§ EXERCISE GOAL: Each entry below must be repeated exactly, with pictures left out.

§ MATERIALS PROVIDED:
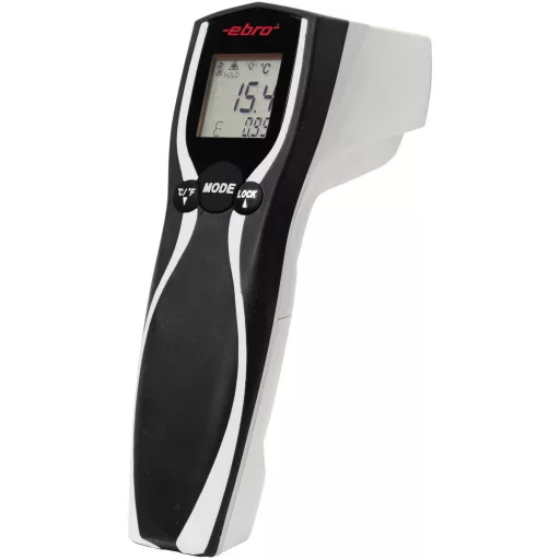 Műszaki adatok: Alappontosság: 1.5 °C · Emissziós fok (max.): 1.0 · Emissziós fok (min.): 0.1 · Felbontás (hőmérséklet): 0.1 °C · Hatékonysági fok: Előre beállítva 0,95, 0,1-től 1,0-ig beállítható · Hőmérséklet (max.): +550 °C · Hőmérséklet (min.): -60 °C · Hőmérséklet méréstechnika típus: Infra hőmérő · Kalibrált: Gyári standard · Méret, hossz: 117 mm · Méret, magasság: 144 mm · Méret, szélesség: 43 mm · Optika: 12:1 · Súly: 180 g · További műszaki adatok: Védelmi típus: IP54 · Tápellátás: 2 db mikroelem (vele szállítjuk)
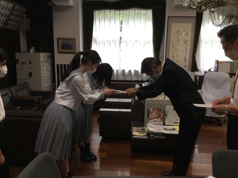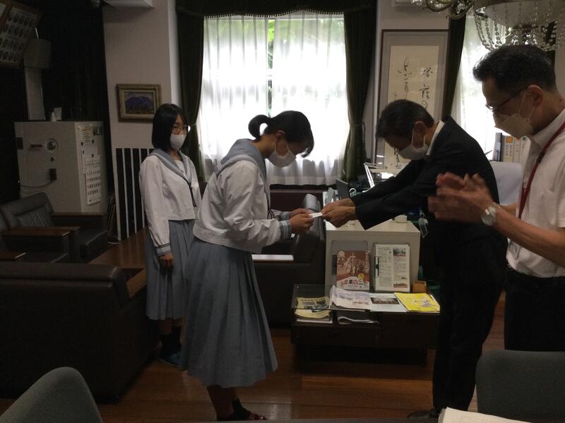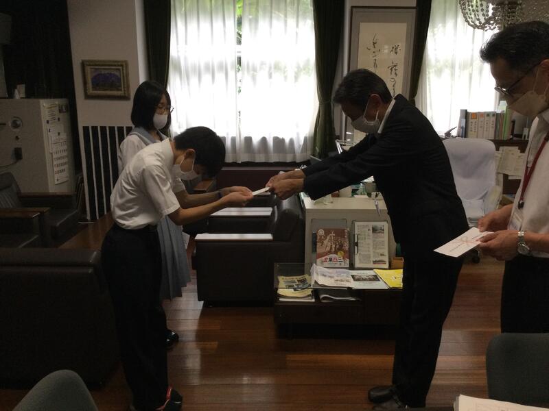7月20日(水)に、NHK杯全国大会に出場する高校(アナウンス部門及びラジオドキュメント部門)と附属中学校(朗読部門)に対して激励金の贈呈式がありました。今回のNHK杯では、中高共に全国大会出場という素晴らしい結果を残してくれました。
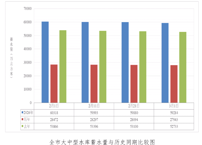 2月末,全市23座大中型水库(不含棘洪滩)蓄水59284万立方米,比历年同期多蓄31341万立方米,比去年同期多蓄6551万立方米,较月初少蓄1034万立方米,列1960年有水文统计资料以来历史同期第1位。
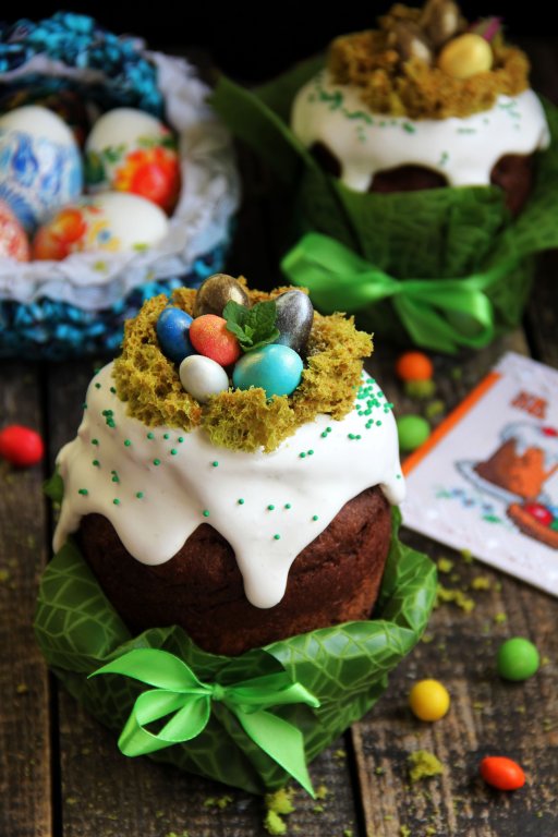 Готовые куличи полностью остудить, а затем украсить по желанию. Я покрыла куличи покупной сахарной глазурью и украсила бисквитными гнёздами с цветными конфетками, а также кондитерской посыпкой. Шоколадные куличи, приготовленные с добавлением вяленой вишни, получаются необыкновенно вкусными, воздушными и ароматными, рекомендую!
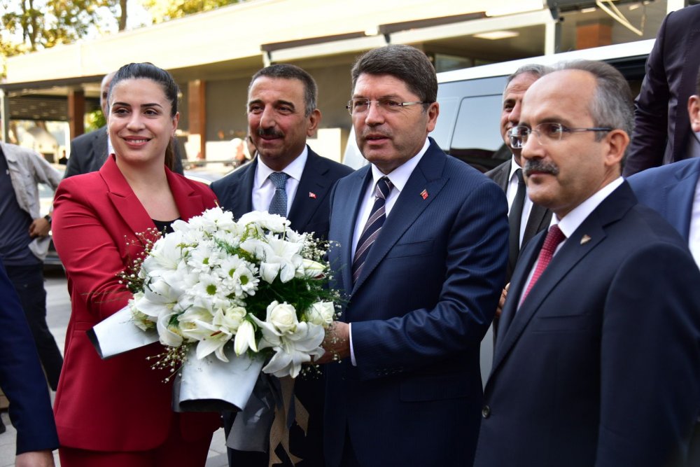 Bakan Yılmaz Tunca çiçek takdim edildi.
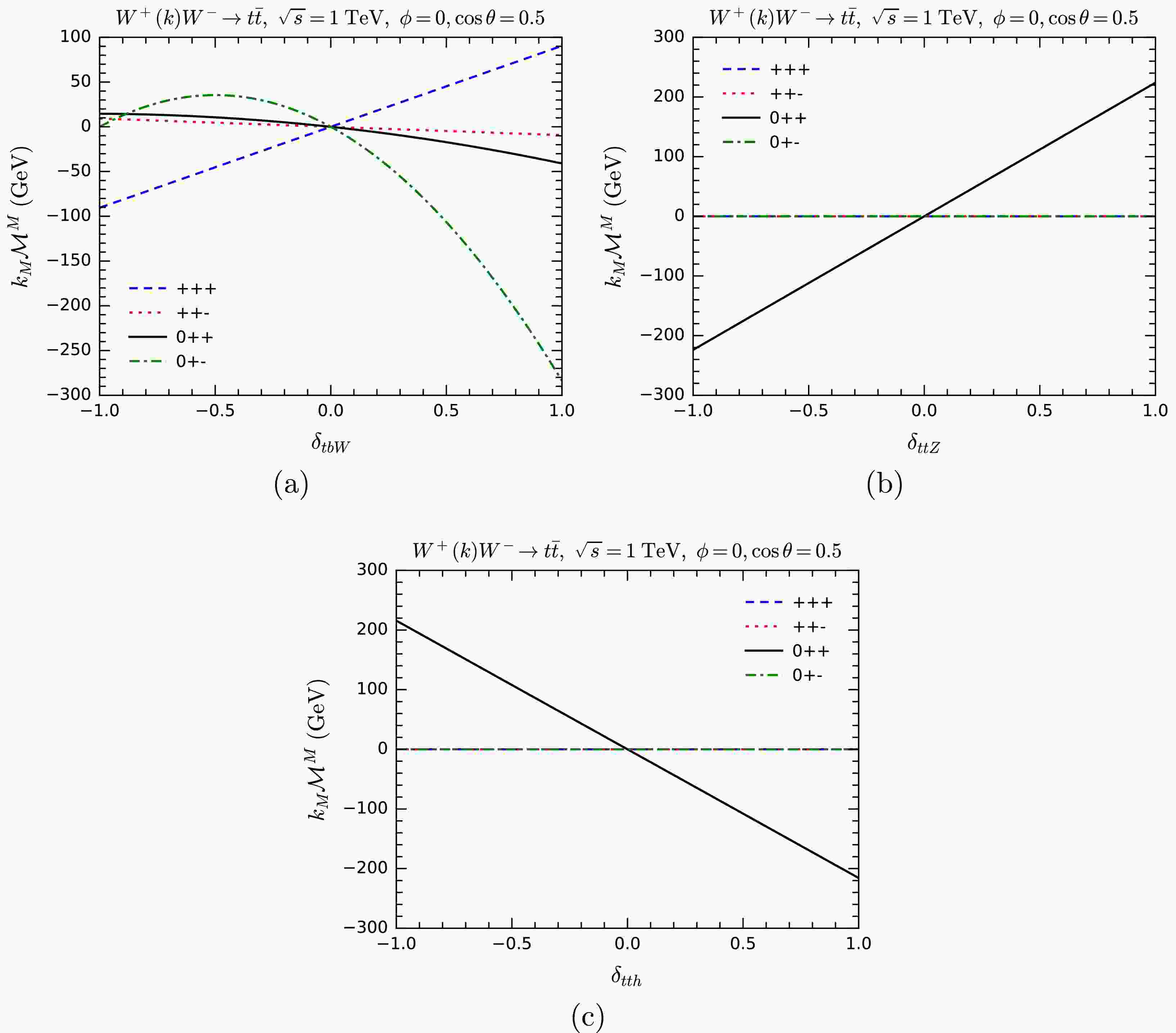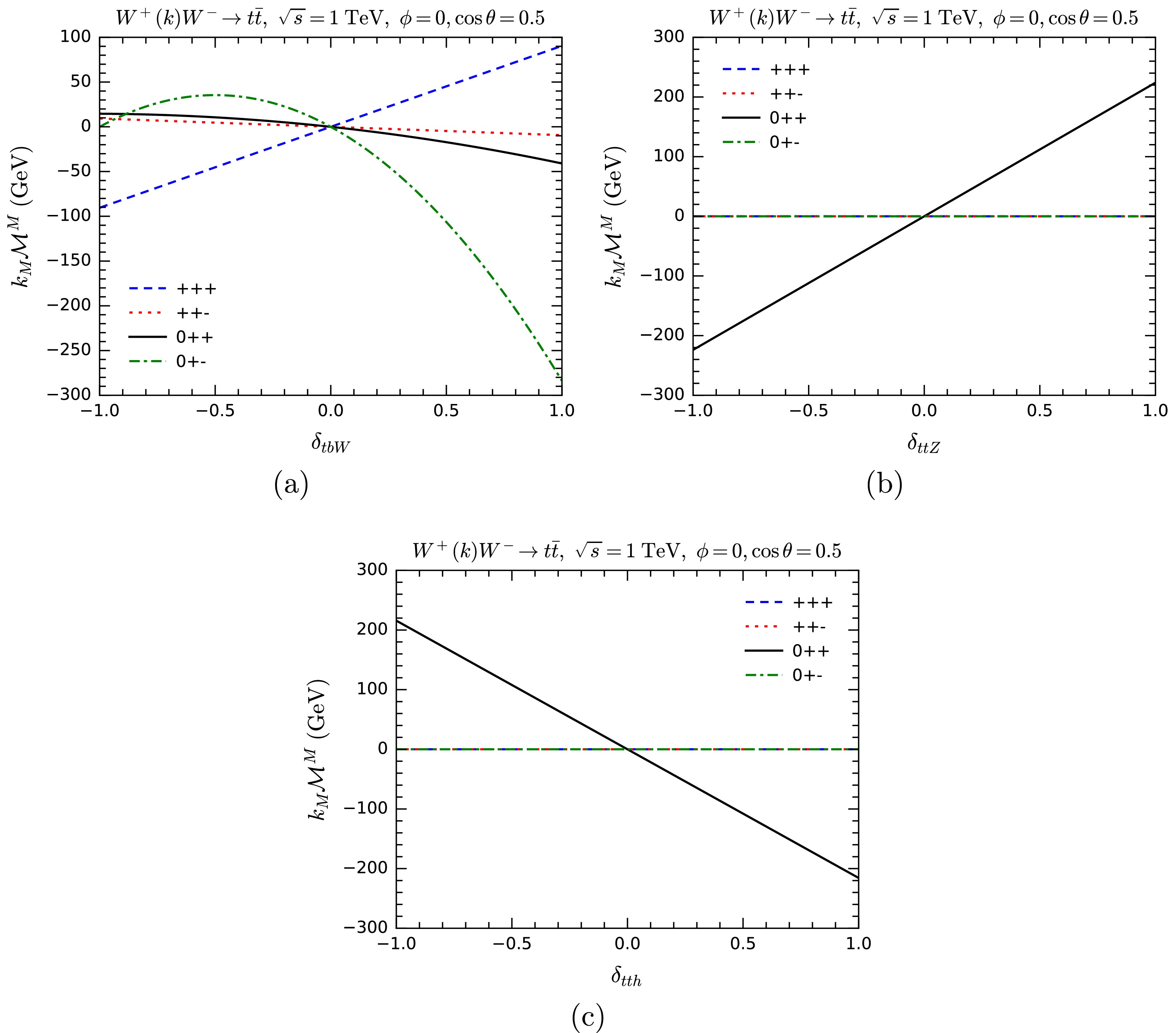 $ k_M{\cal{M}}^M $ for$ WW\rightarrow t\bar t $ as functions of anomalous overall couplings$ \delta_{tbW} $ (a),$ \delta_{ttZ} $ (b), and$ \delta_{tth} $ (c). Various helicity combinations are shown.The overall pattern is similar for all three processes. Angular conservation forbids some helicity combinations, giving

§ TASK RESPONSE:
 Műszaki adatok: Alappontosság: 1.5 °C · Emissziós fok (max.): 1.0 · Emissziós fok (min.): 0.1 · Felbontás (hőmérséklet): 0.1 °C · Hatékonysági fok: Előre beállítva 0,95, 0,1-től 1,0-ig beállítható · Hőmérséklet (max.): +550 °C · Hőmérséklet (min.): -60 °C · Hőmérséklet méréstechnika típus: Infra hőmérő · Kalibrált: Gyári standard · Méret, hossz: 117 mm · Méret, magasság: 144 mm · Méret, szélesség: 43 mm · Optika: 12:1 · Súly: 180 g · További műszaki adatok: Védelmi típus: IP54 · Tápellátás: 2 db mikroelem (vele szállítjuk)
7月20日(水)に、NHK杯全国大会に出場する高校(アナウンス部門及びラジオドキュメント部門)と附属中学校(朗読部門)に対して激励金の贈呈式がありました。今回のNHK杯では、中高共に全国大会出場という素晴らしい結果を残してくれました。
 2月末,全市23座大中型水库(不含棘洪滩)蓄水59284万立方米,比历年同期多蓄31341万立方米,比去年同期多蓄6551万立方米,较月初少蓄1034万立方米,列1960年有水文统计资料以来历史同期第1位。
 Готовые куличи полностью остудить, а затем украсить по желанию. Я покрыла куличи покупной сахарной глазурью и украсила бисквитными гнёздами с цветными конфетками, а также кондитерской посыпкой. Шоколадные куличи, приготовленные с добавлением вяленой вишни, получаются необыкновенно вкусными, воздушными и ароматными, рекомендую!
 Bakan Yılmaz Tunca çiçek takdim edildi.
 $ k_M{\cal{M}}^M $ for$ WW\rightarrow t\bar t $ as functions of anomalous overall couplings$ \delta_{tbW} $ (a),$ \delta_{ttZ} $ (b), and$ \delta_{tth} $ (c). Various helicity combinations are shown.The overall pattern is similar for all three processes. Angular conservation forbids some helicity combinations, giving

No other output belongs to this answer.